_REQUIRED ACTION_. Write out the line with "1933 4d GV yellow-olive, p3½" and every later line through the end of the data below, exactly as given, with no pictures in the copy.

_RAW DATA_.
------------

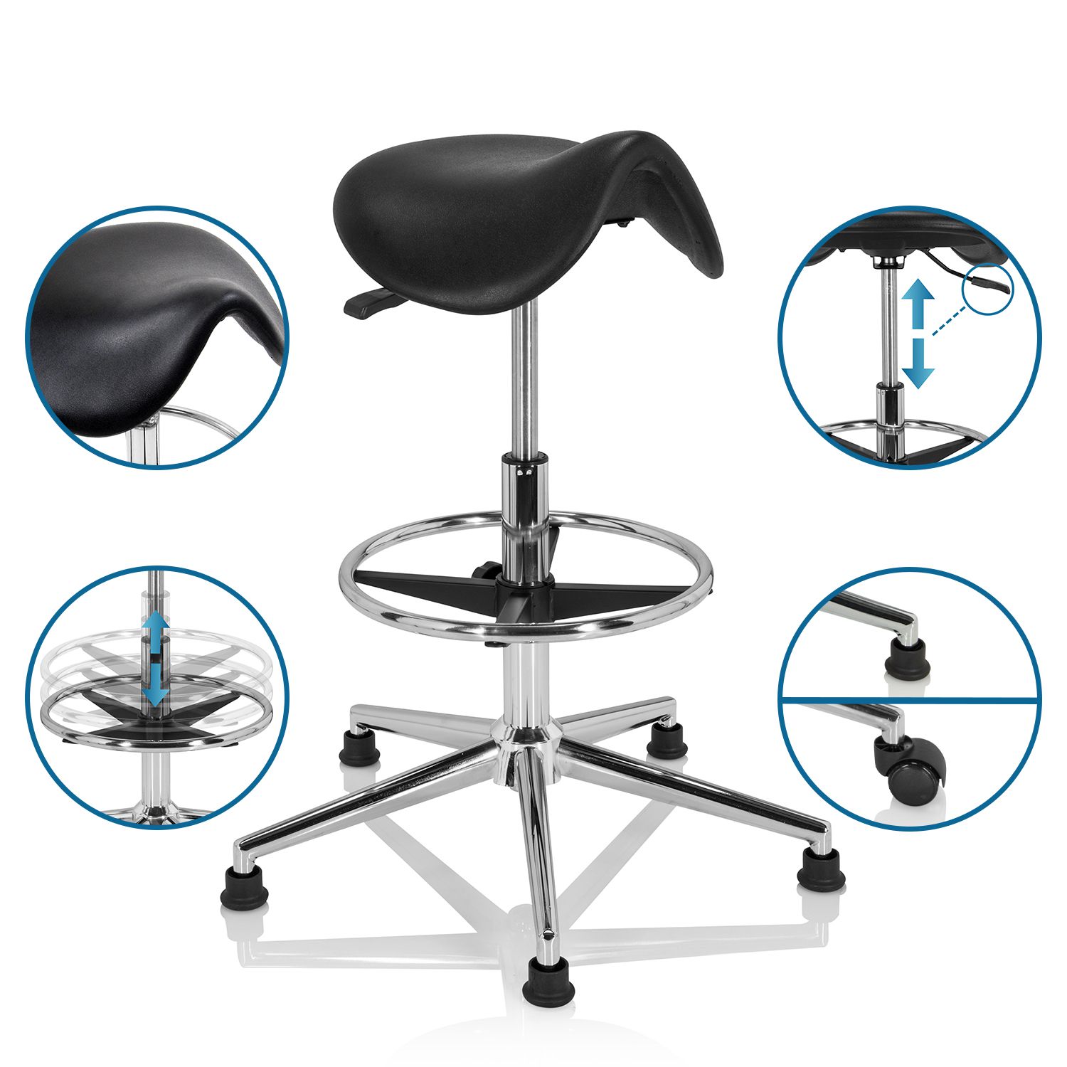 Ultrahoch verstellbarer sattelhocker mit ergonomisch geschwungener Sitzfläche aus extrem haltbaren PU-Schaum und komfortablen, höhenverstellbarem Fußring Die Sitzhöhe ist stufenlos verstellbar. Er besitzt ein hochwertig verchromtes Stahl-Fußkreuz und wird mit lastabhängig gebremsten Rollen UND Gleitern geliefert.
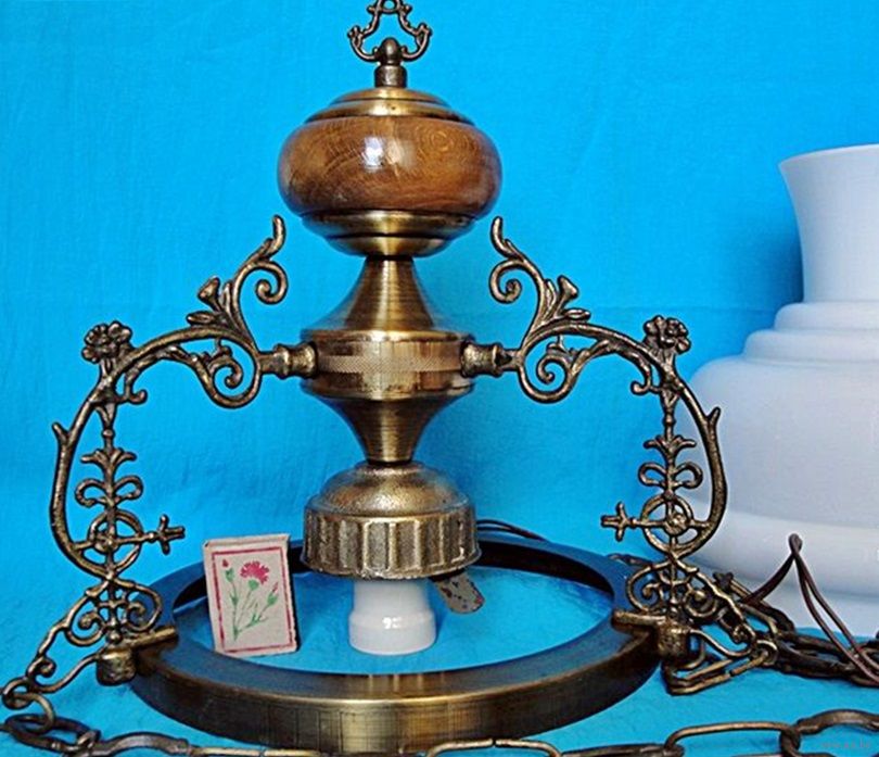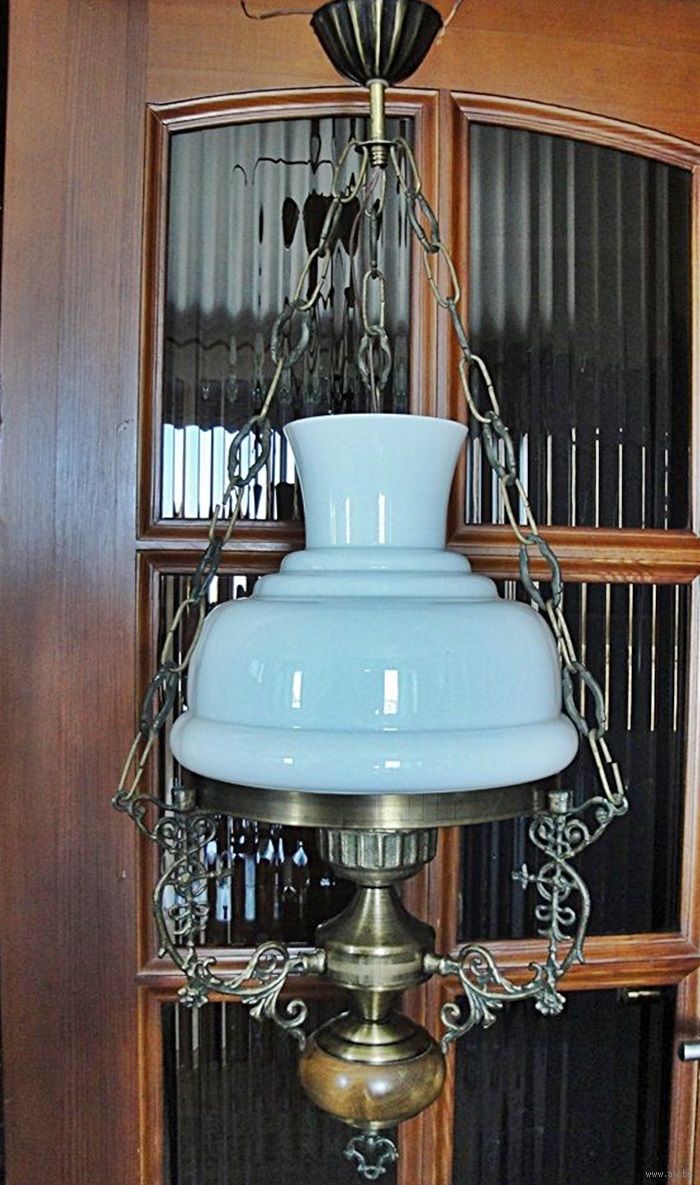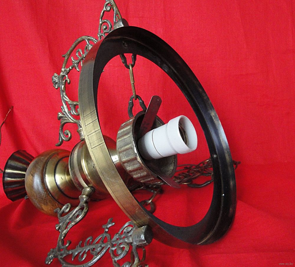 Прекрасная отделка, красивое бронзовое литьё, латунь, дерево, стекло, керамический патрон, родная проводка, всё в оригинале, высота 80 см.
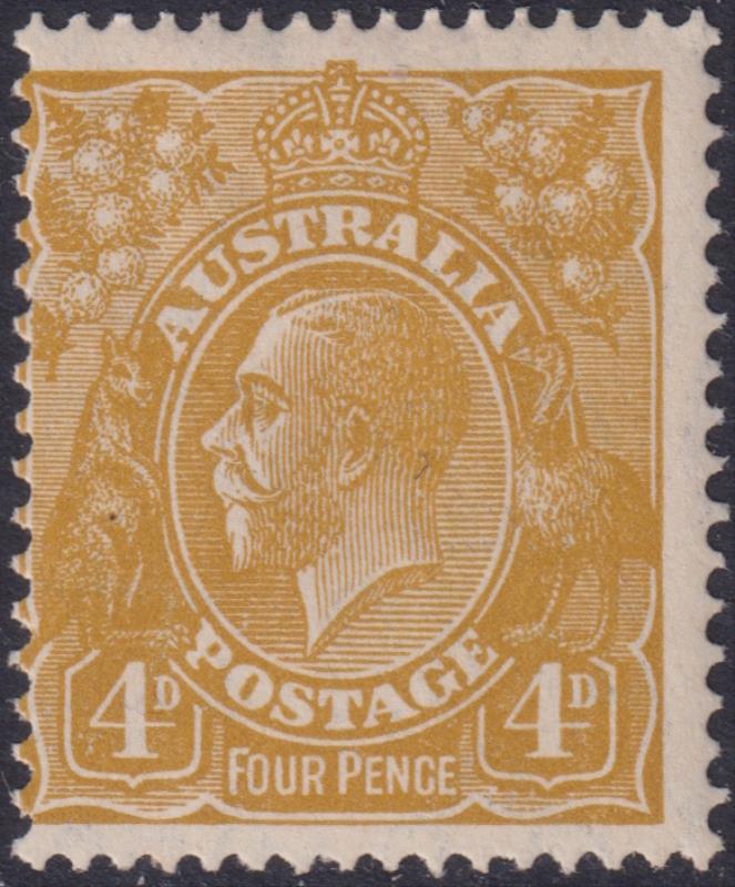 1933 4d GV yellow-olive, p3½ x 12½, crown C of A wmk. O/c. SG 129. Cat £24. Mint. (Image)
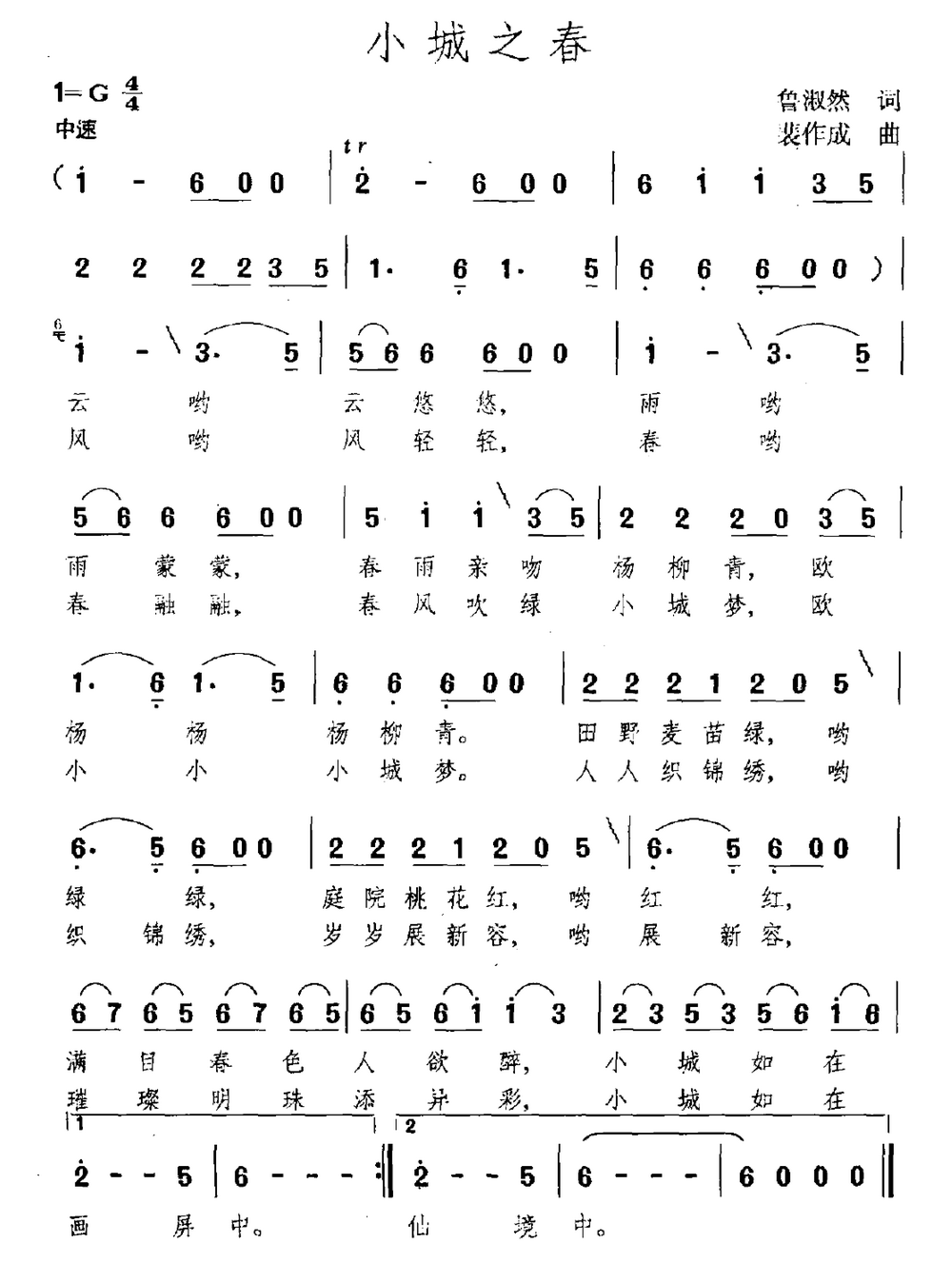 - [歌谱] 小城之春

------------

_WORKED SOLUTION_.
 1933 4d GV yellow-olive, p3½ x 12½, crown C of A wmk. O/c. SG 129. Cat £24. Mint. (Image)
 - [歌谱] 小城之春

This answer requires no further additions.